Every line of the listing below should be written out exactly, minus its images.

§ **SOURCE DATA**:
□ □ □
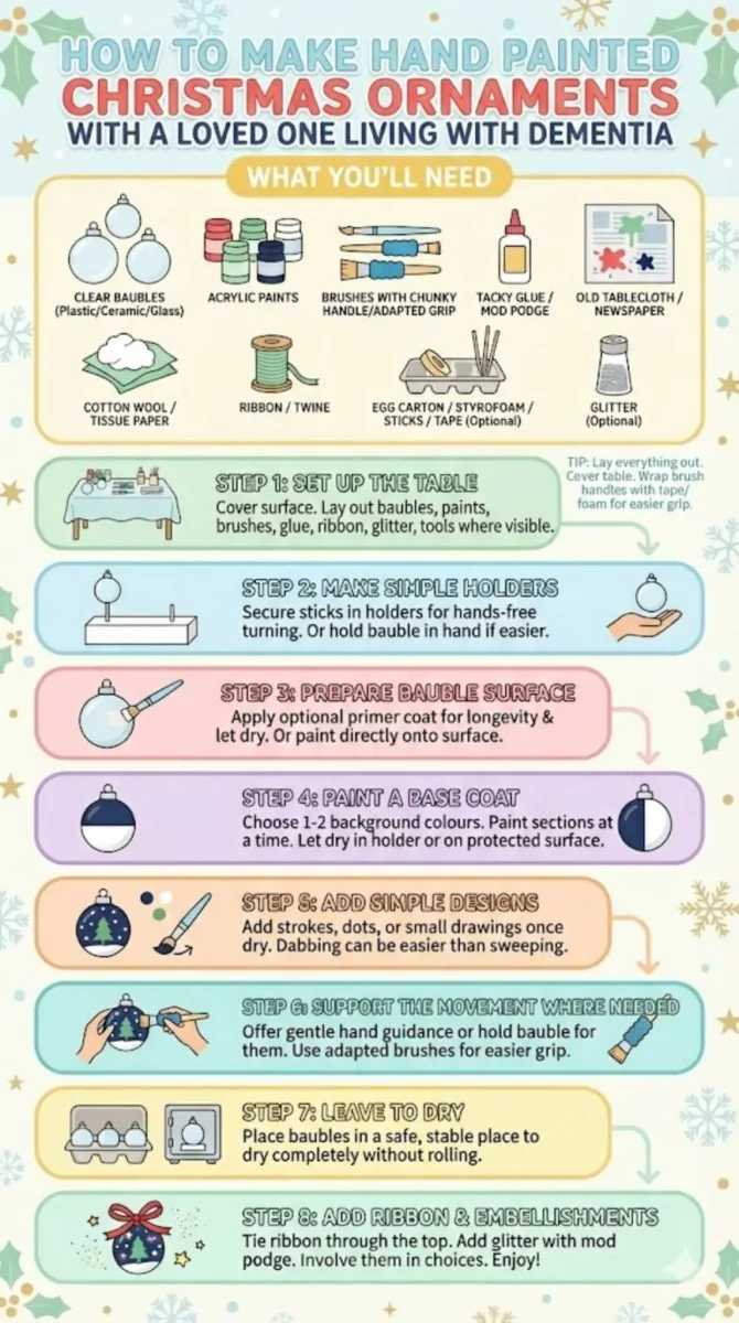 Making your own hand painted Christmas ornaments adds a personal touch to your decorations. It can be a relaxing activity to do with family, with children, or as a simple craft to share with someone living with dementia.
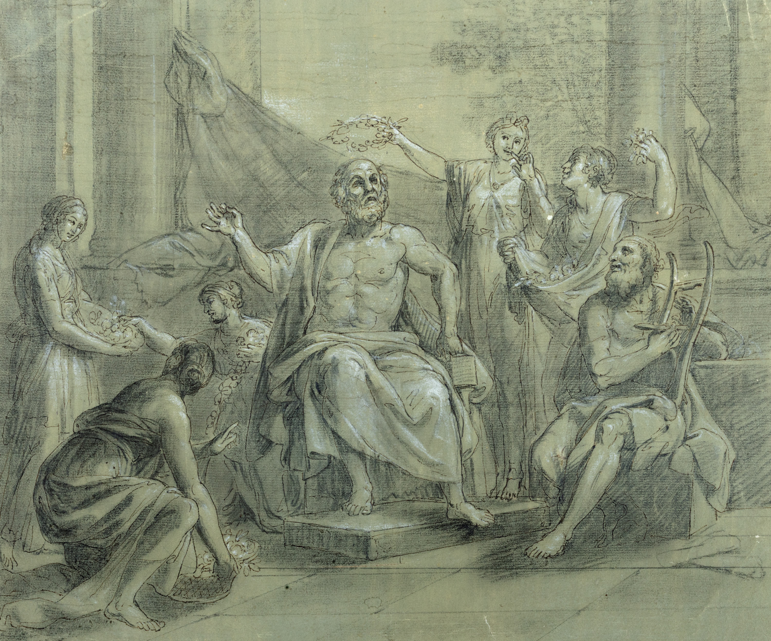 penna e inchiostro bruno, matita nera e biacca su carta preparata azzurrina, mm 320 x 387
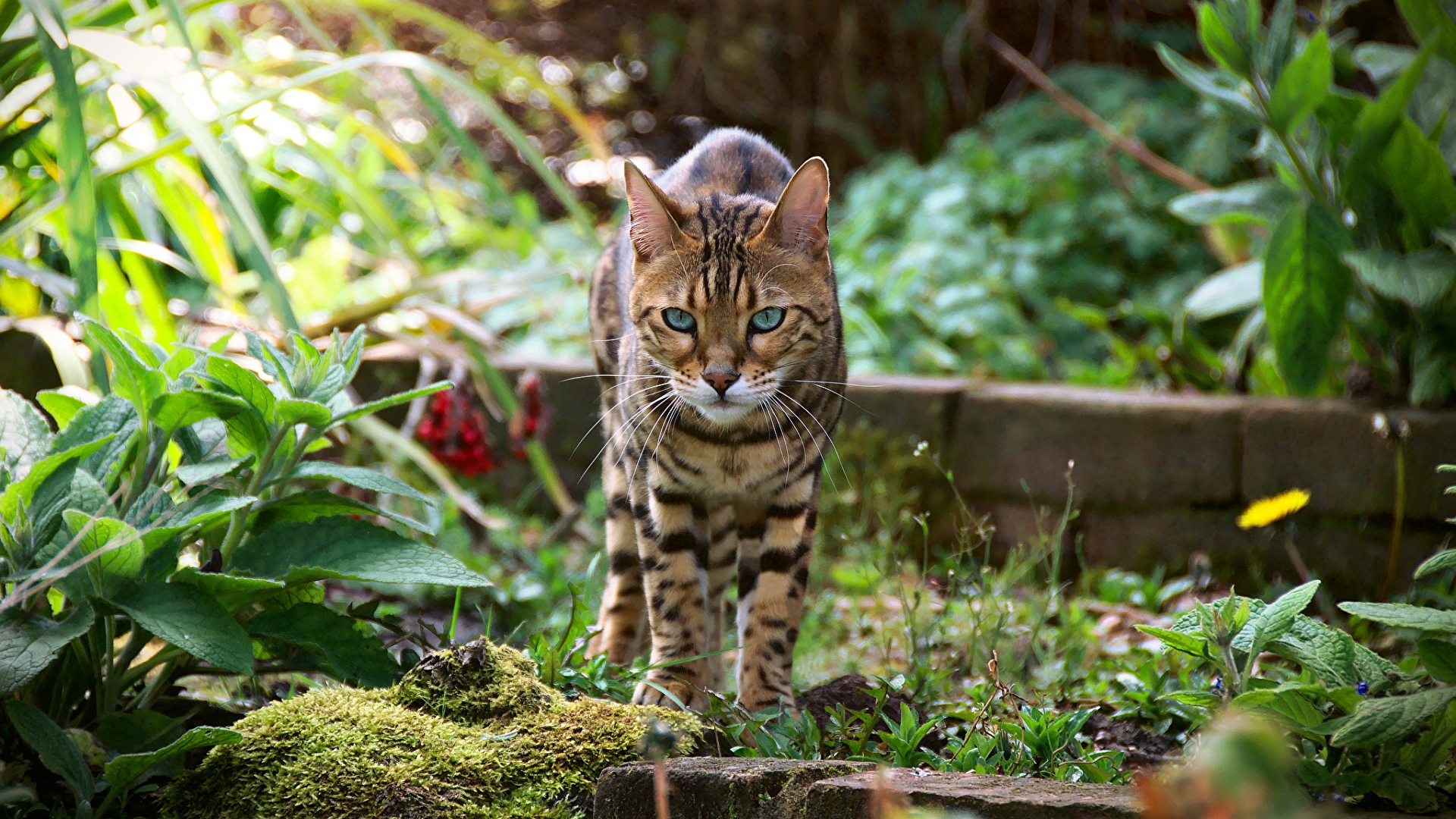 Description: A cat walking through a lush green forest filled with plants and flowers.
□ □ □
§ **SOLUTION TO THE PROBLEM**:
 Making your own hand painted Christmas ornaments adds a personal touch to your decorations. It can be a relaxing activity to do with family, with children, or as a simple craft to share with someone living with dementia.
 penna e inchiostro bruno, matita nera e biacca su carta preparata azzurrina, mm 320 x 387
 Description: A cat walking through a lush green forest filled with plants and flowers.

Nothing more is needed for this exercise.